Молодая женщина решительно скрестила руки на груди, ее чуть раскосые карие глаза пылали гневом. Подружка, шмыгая носом, кивнула. И обе побежали дальше.
Лука посмотрел им вслед.
— Не только у меня проблемы, как я погляжу.
Самое время рассказать о своих несчастьях, встрепенулась Жозефина.
— У меня тоже… У меня тоже проблемы.
Лука удивленно поднял бровь.
— Случились две вещи, одна очень неприятная, другая невероятная, — произнесла Жозефина, стараясь говорить шутливым тоном. — С которой начинать?
Мимо них промчался черный лабрадор и плюхнулся в озеро. Лука отвернулся и стал смотреть на пса. На поверхности зеленоватой воды расплывались радужные бензиновые пятна. Пес плыл, разинув пасть, шумно дыша. Хозяин бросил ему мячик, и он старался изо всех сил. Его черная блестящая шерсть искрилась, от морды расходились буруны; утки разлетались во все стороны и опасливо садились поодаль.
— Нет, все-таки собаки — это что-то невероятное! — воскликнул Лука. — Смотрите!

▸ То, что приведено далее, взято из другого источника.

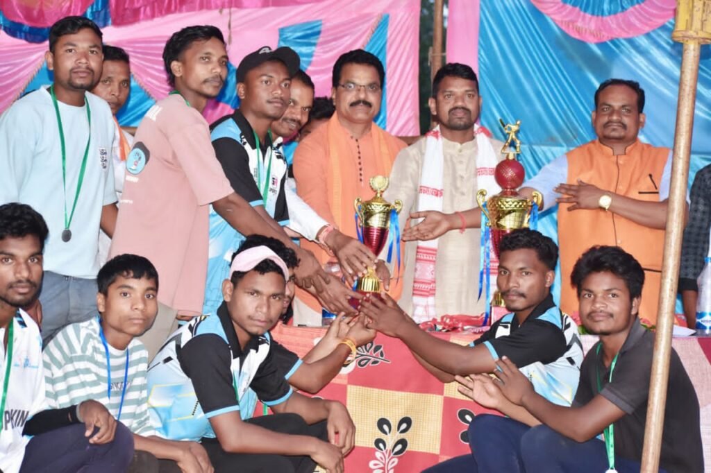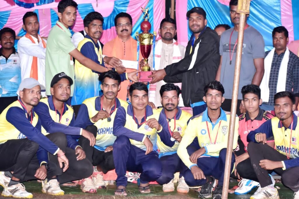 हरवेल/फरसगांव ~ कोंडागांव जिले के विकासखण्ड बड़ेराजपुर अंतर्गत ग्राम पंचायत तितरवंड के आश्रित ग्राम पिटीसपाल स्थित गोंडवाना मैदान में महासंग्राम क्रिकेट क्लब पिटीसपाल की ओर से नवरात्रि के पावन पर्व पर छः दिवसीय पंचायत स्तरीय क्रिकेट प्रतियोगिता का आयोजन किया गया था जिसका फाइनल मुकाबला शुक्रवार 3 अक्टूबर को करमरी और पिटीसपाल के मध्य खिताबी मुकाबला खेला गया जिसमें पिटीसपाल ने टास जीतकर पहले बल्लेबाजी करते हुए निर्धारित 6 ओवरों में 37 रन बनाने में कामयाब रही और लक्ष्य का पीछा करते हुए करमरी की टीम आसानी से जीत हासिल कर ली मुख्य अतिथि जिला पंचायत उपाध्यक्ष हीरासिंह नेताम ने बताया कि मौसम के अचानक बदलाव के कारण फाइनल मैच देखने को मिला और दोनों टीमों ने शानदार प्रदर्शन किया सभी टीमों को बहुत बहुत बधाई दी गई जानकारी के अनुसार यह मैच 22 सितम्बर को शुरू हुआजिसमें प्रथम पुरस्कार 20000 रू और द्वितीय पुरस्कार विजेता 10000 रू ट्राफी दिया जाएगा और प्रवेश शुल्क 899 रू रखा गया है था जिसमें प्रथम पुरस्कार विजेता करमरी को भुतपुर्व विधायक केशकाल सेवकराम नेताम के द्वारा 20000 रू और चमचमाती ट्राफी दिया गया उपविजेता टीम पिटीसपाल को 10000 रू जिला पंचायत उपाध्यक्ष कोंडागांव हीरासिंह नेताम के द्वारा दिया गया जिसमें प्रमुख रूप से मौजूद रहे मुख्यअतिथि भुतपूर्व विधायक केशकाल सेवकराम नेताम, जिला पंचायत कोंडागांव उपाध्यक्ष हीरासिंह नेताम, उपसरपंच मंगूराम नेताम, लालसाय, हिराऊ यादव, फूलसिंह नेताम, मानकु नेताम, वासुदेव , दिगेश्वर मंडावी क्रिकेट समिति के अध्यक्ष मोतीराम नेताम, उपाध्यक्ष मंगऊराम सचिव तोरन शोरी, कोषाध्यक्ष प्रकाश नेताम, संरक्षक बिरेश नेताम मनोज, लखन, हरीशचंद, हरिलाल, कमलेश, राहुल, सोहनलाल, धनु, प्रकाश, नोगेश, फुलदास, और ग्रामवासी ग्राम के गणमान्य नागरिक बड़ी संख्या में क्रिकेट प्रेमियो की मौजूदगी रही|
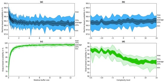 The simulation results for the two key figures, machine-based availability (blue) and output-based availability (green), are shown in Figure 2. Figure 2a,c shows the two availability values for different relative buffer sizes of a production system with a complexity level of 0. The distribution and variance of the 30 simulation runs for each combination are indicated by the filled-in area. The machine-based availability initially drops from 98.6% to 98.1% as the relative buffer size increases and stays more or less constant from two to the maximum. Output-based availability, on the other hand, rises sharply from an initial 70% until it reaches about 98.1% availability at about a relative buffer size of six and one-half. For larger buffer sizes, it behaves like machine-based availability and continues at a constant level.
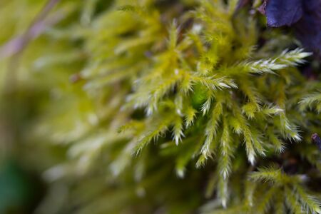 Macro of moss in the forest. Nature background. Shallow depth of field
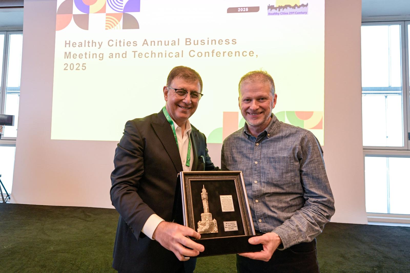 Başkan Tugay, program sonunda DSÖ ve Avrupa Sağlıklı Şehirler temsilcilerine plaket takdiminde bulundu.
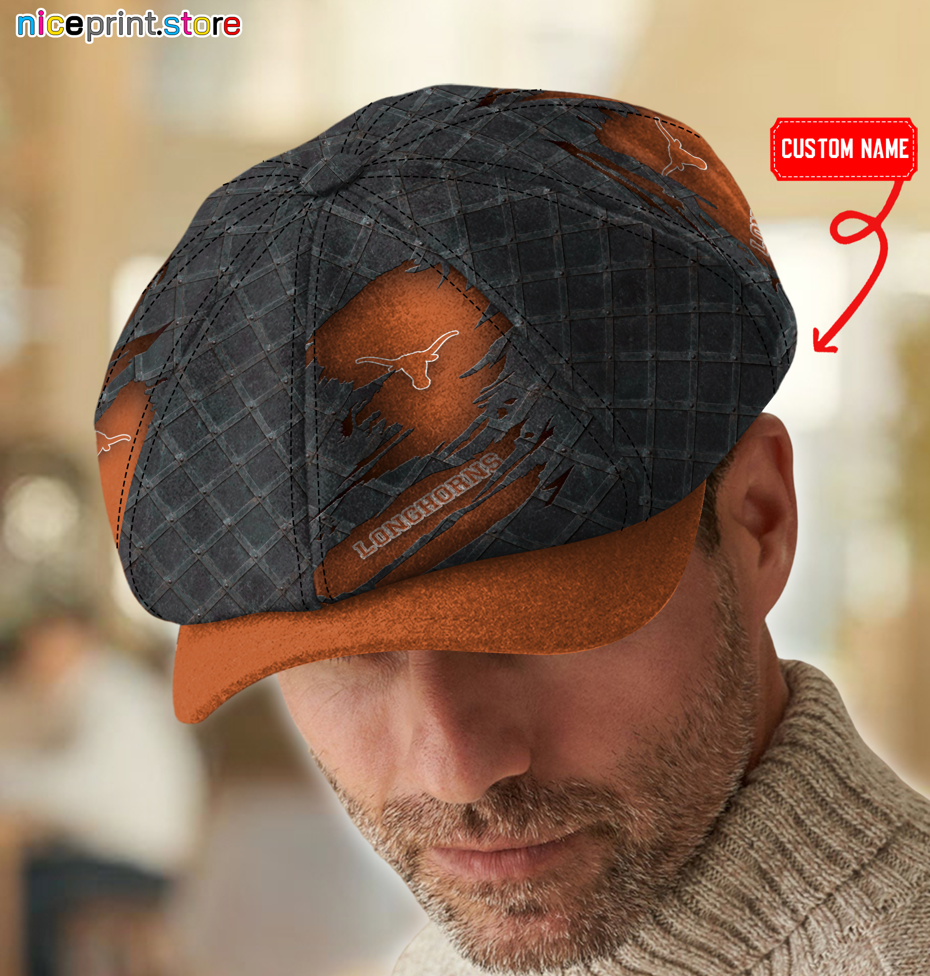 Texas Longhorns NCAA Baker Boy Cap – Newsboy Cap M09
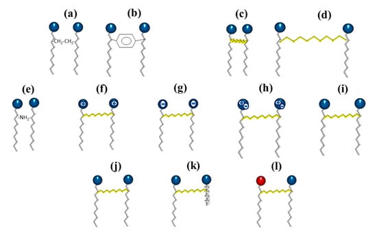 On the other hand, the groups present in the spacer can be classified into polar (Figure 9e) or nonpolar (aliphatic and aromatic groups). Furthermore, the polar head can be positive, negative, zwitterionic, or non-ionic (Figure 9f–i). Finally, gemini dissymmetric (heterogeminis) surfactants contain two groups of non-identical polar heads (or identical) and different (or identical) lengths of alkyl tails, so they can also be classified into gemini surfactants of different head or hydrophobic tails and gemini surfactants of identical head and hydrophobic tails (Figure 9j–l) [].
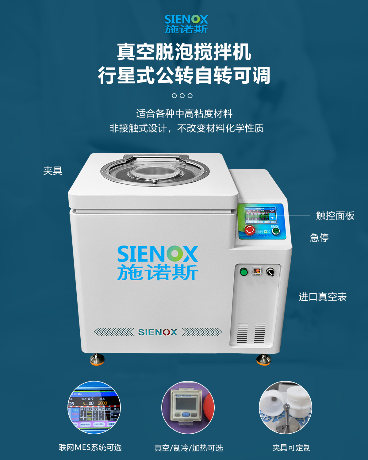 By using the centrifugal force of revolution and the shear force of rotation to stir, coupled with a vacuum pump to extract gas, small bubbles in the liquid can be efficiently removed, improving product quality.
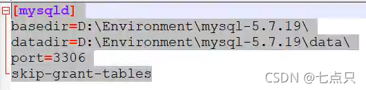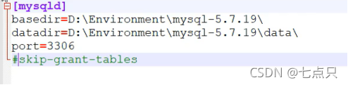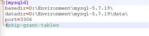 修改之前的my.ini配置文件,在文件的最后一行的前面加上#
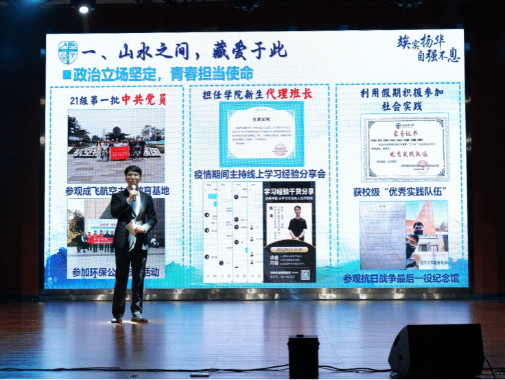 首先,杨涛分享了选择环境专业的初心与成长故事,因为家乡的污染问题立志成为一名绿水青山“守护者”,怀揣着对环境的热爱,精勤求学,砥志研思,三年第一是初心坚守,三度国奖是矢志不渝;投身科研,辛勤耕耘,专利与论文两手抓,竞赛与项目相兼顾。他勉励大家不断进取,以矢志奋斗为笔,绘美丽中国画卷。
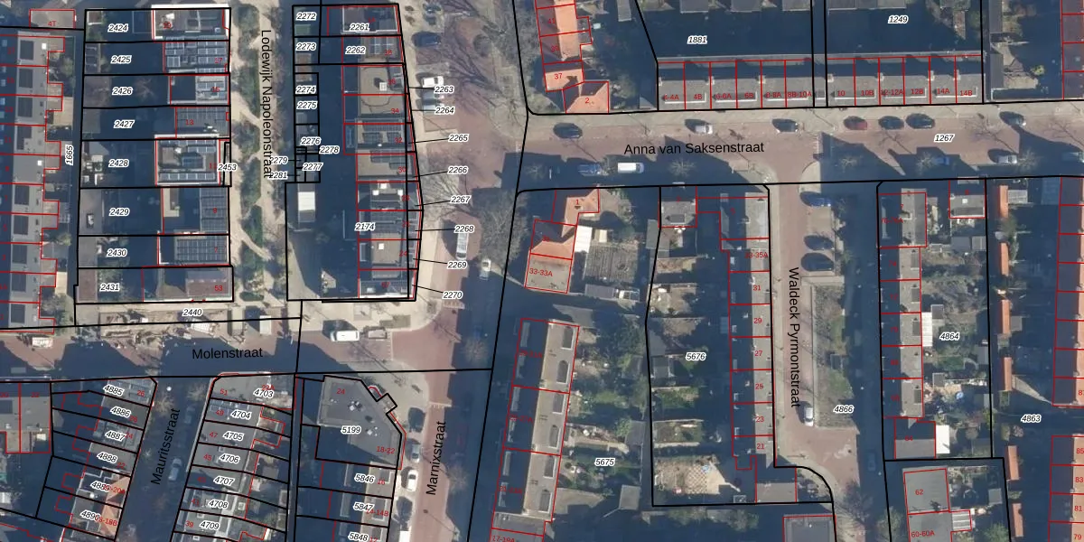 Het perceel waarop Marnixstraat 33-A staat heeft een oppervlakte van 3142 m². Dit is een zeer groot perceel. De perceeloppervlakte wordt geregistreerd door het Kadaster. Gedetailleerde informatie over de maten van dit perceel kunt u vinden in het rapport Kadastrale kaart met maatvoering van Marnixstraat 33-A.
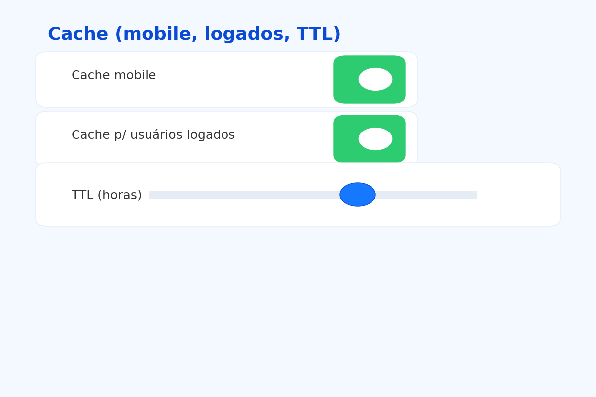 TTL (tempo de vida da cache): 10–24h é um bom ponto de partida. Sites de notícias podem exigir TTL menor.
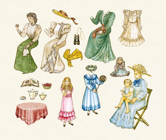 This is a new paper dolls’ sheet in a historical design. The scenes at the beach and in the artist’s studio are splendid and there are various figures for dressing.
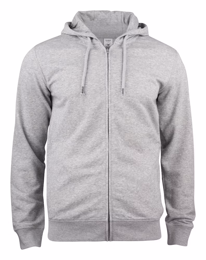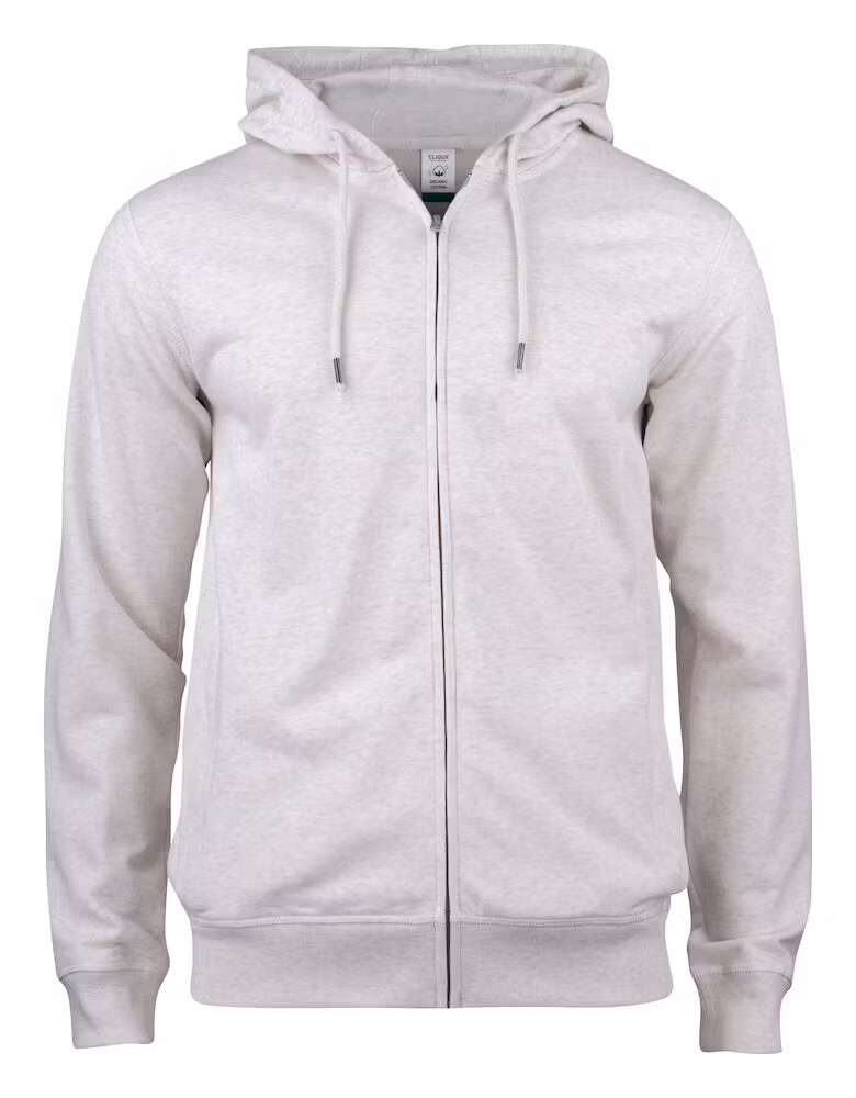 Cliques finaste hoodtröja med hel dragkedja i ekologisk bomull och återvunnen polyesterblandning. Hel YKK-dragkedja med antik yta. Huva med snören med metalländrar samt dekortiva flatlocksömmar ger en modern look till tröjan. CVC French Terry på insidan, fiskbensmönstrat nackband samt elastisk 1x1 rib i ärmavslut och nedtill. Utrustad med smart lösning för hörlurar.

Пес выскочил из воды, отряхнулся и положил мячик у ног хозяина. Гавкнул, завилял хвостом: просил поиграть еще. А действительно, с чего начать? подумала Жозефина, следя глазами за мячиком, который снова полетел в воду, и псом, который ринулся за ним.
— Так что вы говорили, Жозефина?
— Я говорила, что со мной случились две вещи: одна страшная, другая странная.
Она попыталась улыбнуться, чтобы как-то смягчить свой рассказ.
— Я получила открытку от Антуана… ну… Вы знаете, моего мужа…
— Но я думал, что он…
Он замялся, и Жозефина договорила за него:
— Умер?
— Да. Вы мне говорили, что…
— Я тоже так думала.
— Действительно странно.
Жозефина ждала какого-нибудь вопроса, предположения, удивленного вскрика, хоть какой-то реакции, чтобы обсудить эту новость, но он только нахмурился и спросил:
— А другая вещь, страшная?
«То есть как? — подумала Жозефина. — Я говорю ему, что мертвец пишет открытки, наклеивает на них марки, кидает в почтовый ящик, а он меня спрашивает, что еще случилось? То есть для него это нормально? Что мертвецы встают по ночам и пишут письма? Впрочем, не такие уж они и мертвые, коли бегают на почту; вот почему там вечно очереди!» Она сглотнула и выпалила единым духом:
— А еще меня чуть не убили!
— Чуть не убили, вас? Это невозможно!
А почему, собственно? Или из меня получился бы плохой труп? Может, я не подхожу на эту роль?
— В пятницу вечером, когда я возвращалась с нашего несостоявшегося свидания, меня пырнули ножом прямо в сердце. Вот сюда! — Она ударила себя кулаком в грудь, чтобы подчеркнуть трагизм фразы, и подумала, что выглядит смешно. Она не слишком убедительна в роли героини криминальной хроники. Он, наверное, думает, что она интересничает, хочет соперничать с его братом.
— Что вы такое рассказываете, это же совершенно невероятно! Если бы вас пырнули ножом, вы бы погибли…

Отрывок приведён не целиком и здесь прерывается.